Exercise directions ->
From the line containing "Informes: Arquitecta Mariana" to the line containing "Diana, signed F" in the entries below, reproduce every line exactly, ends included. Nothing else belongs in the copy, and no pictures.

Material provided ->
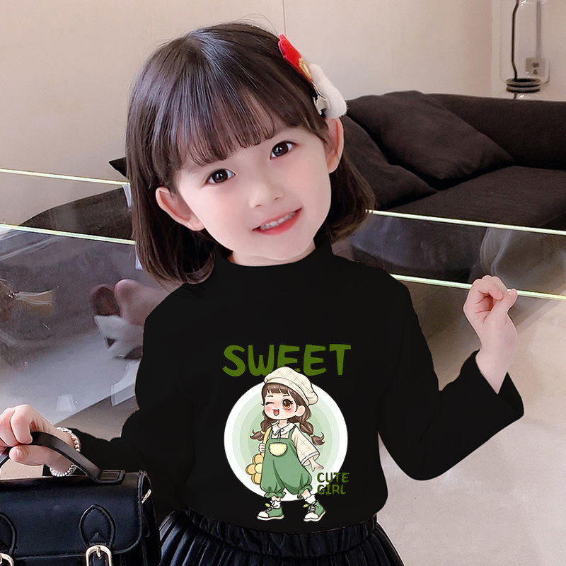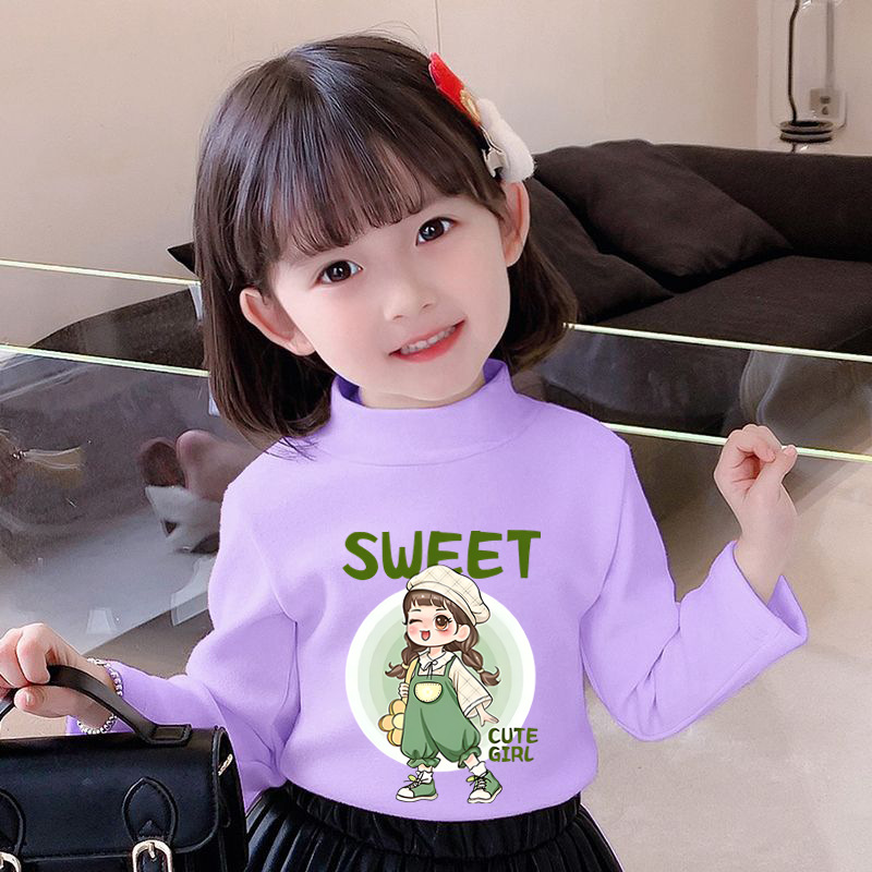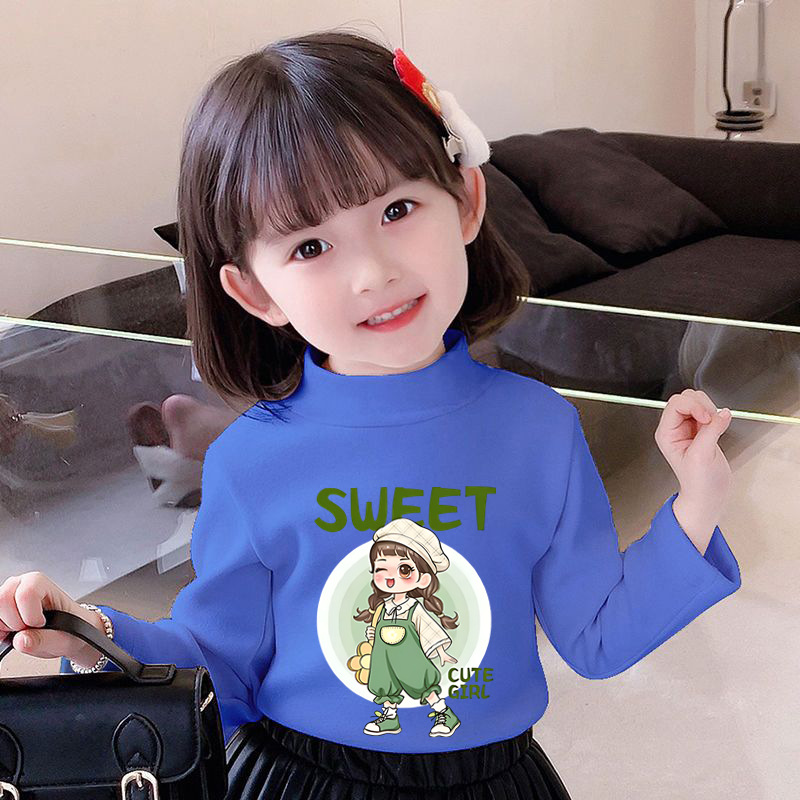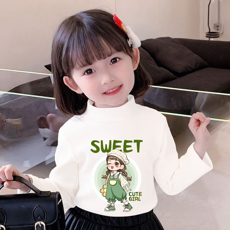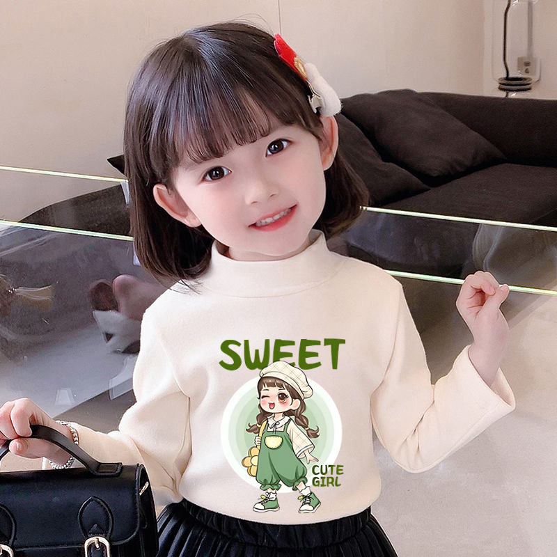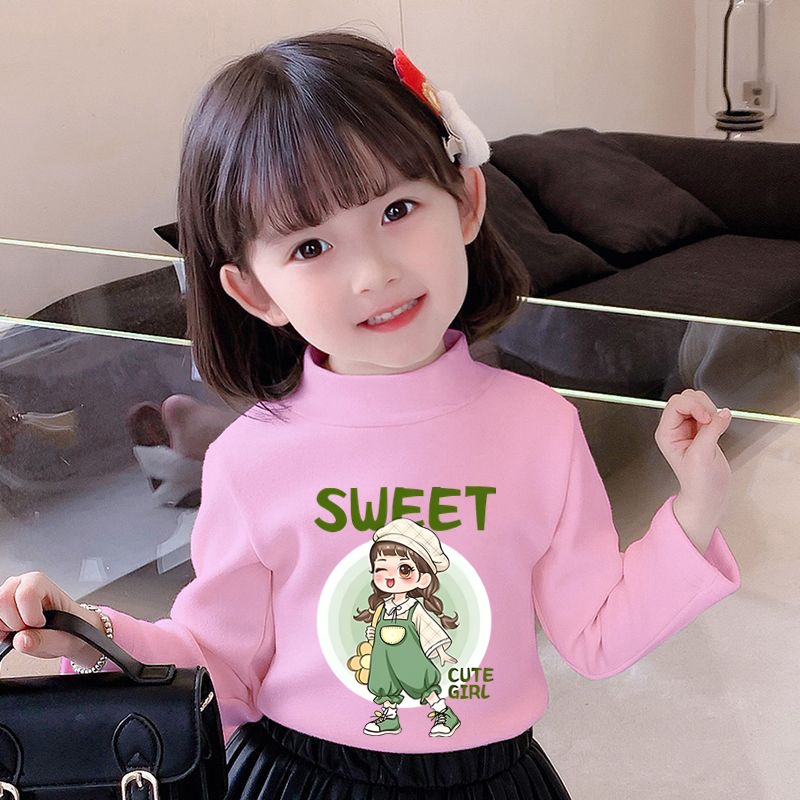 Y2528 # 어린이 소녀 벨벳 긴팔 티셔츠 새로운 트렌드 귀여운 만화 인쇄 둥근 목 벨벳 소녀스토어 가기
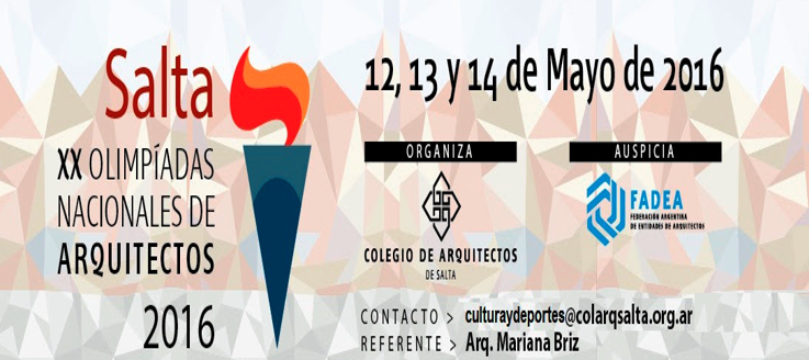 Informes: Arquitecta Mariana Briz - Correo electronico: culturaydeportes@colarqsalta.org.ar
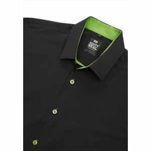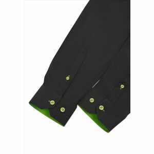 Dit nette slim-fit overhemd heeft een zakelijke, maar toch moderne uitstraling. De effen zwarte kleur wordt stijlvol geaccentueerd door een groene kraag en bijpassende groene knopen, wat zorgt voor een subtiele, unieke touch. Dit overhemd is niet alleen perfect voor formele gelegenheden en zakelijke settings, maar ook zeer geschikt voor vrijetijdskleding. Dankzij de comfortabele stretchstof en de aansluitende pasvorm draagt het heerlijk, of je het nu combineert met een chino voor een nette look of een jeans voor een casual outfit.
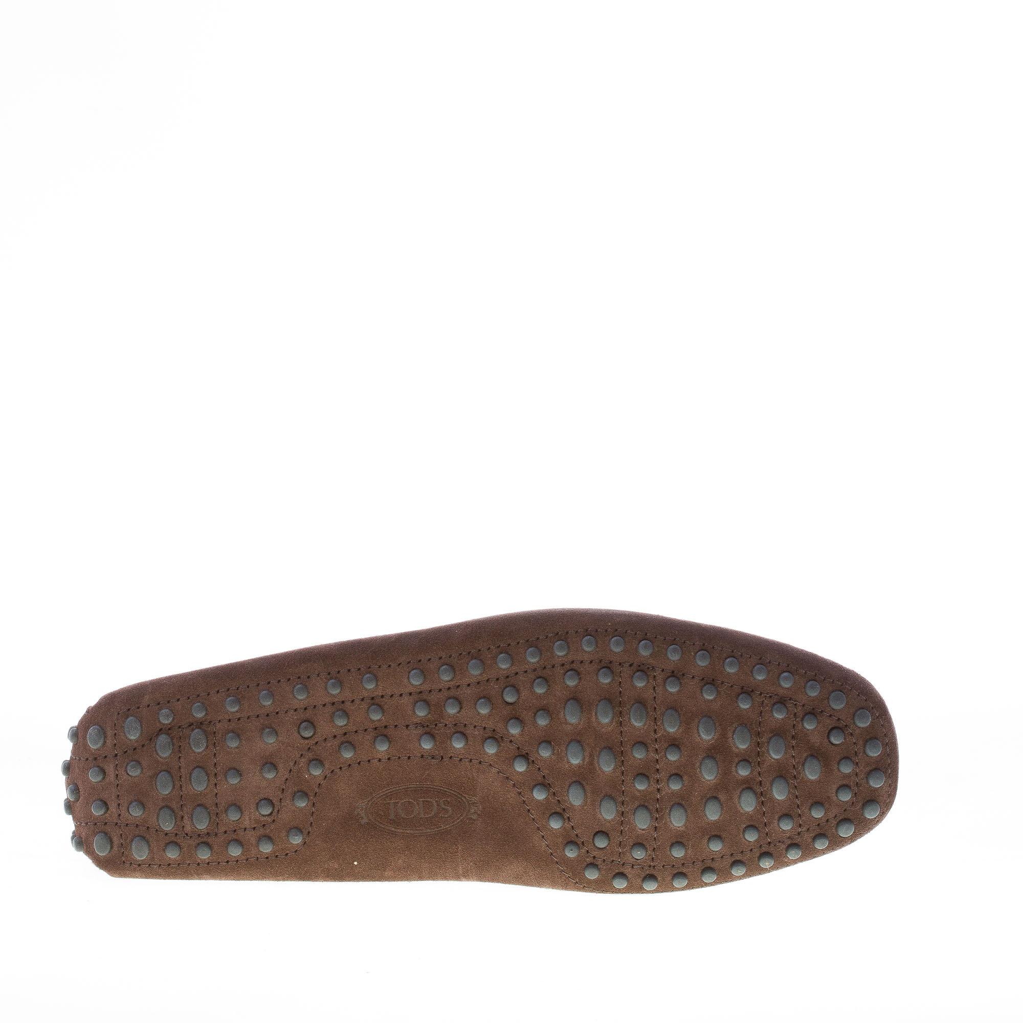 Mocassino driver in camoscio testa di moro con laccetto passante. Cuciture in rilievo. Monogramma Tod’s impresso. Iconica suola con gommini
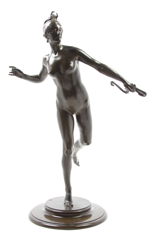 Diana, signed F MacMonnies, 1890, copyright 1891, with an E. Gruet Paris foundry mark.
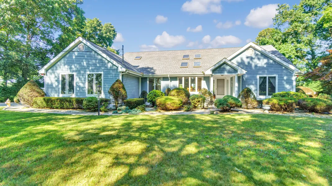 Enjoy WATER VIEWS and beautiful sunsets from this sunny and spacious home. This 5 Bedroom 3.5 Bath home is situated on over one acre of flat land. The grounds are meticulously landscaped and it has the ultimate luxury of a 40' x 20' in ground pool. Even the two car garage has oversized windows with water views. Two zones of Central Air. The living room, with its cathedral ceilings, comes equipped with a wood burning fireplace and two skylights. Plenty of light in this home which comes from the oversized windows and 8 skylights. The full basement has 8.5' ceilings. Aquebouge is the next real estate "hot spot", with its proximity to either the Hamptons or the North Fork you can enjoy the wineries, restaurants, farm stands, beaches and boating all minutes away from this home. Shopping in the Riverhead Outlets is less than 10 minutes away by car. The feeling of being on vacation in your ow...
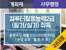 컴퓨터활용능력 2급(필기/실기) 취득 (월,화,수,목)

Answer to this problem ->
 Informes: Arquitecta Mariana Briz - Correo electronico: culturaydeportes@colarqsalta.org.ar
 Dit nette slim-fit overhemd heeft een zakelijke, maar toch moderne uitstraling. De effen zwarte kleur wordt stijlvol geaccentueerd door een groene kraag en bijpassende groene knopen, wat zorgt voor een subtiele, unieke touch. Dit overhemd is niet alleen perfect voor formele gelegenheden en zakelijke settings, maar ook zeer geschikt voor vrijetijdskleding. Dankzij de comfortabele stretchstof en de aansluitende pasvorm draagt het heerlijk, of je het nu combineert met een chino voor een nette look of een jeans voor een casual outfit.
 Mocassino driver in camoscio testa di moro con laccetto passante. Cuciture in rilievo. Monogramma Tod’s impresso. Iconica suola con gommini
 Diana, signed F MacMonnies, 1890, copyright 1891, with an E. Gruet Paris foundry mark.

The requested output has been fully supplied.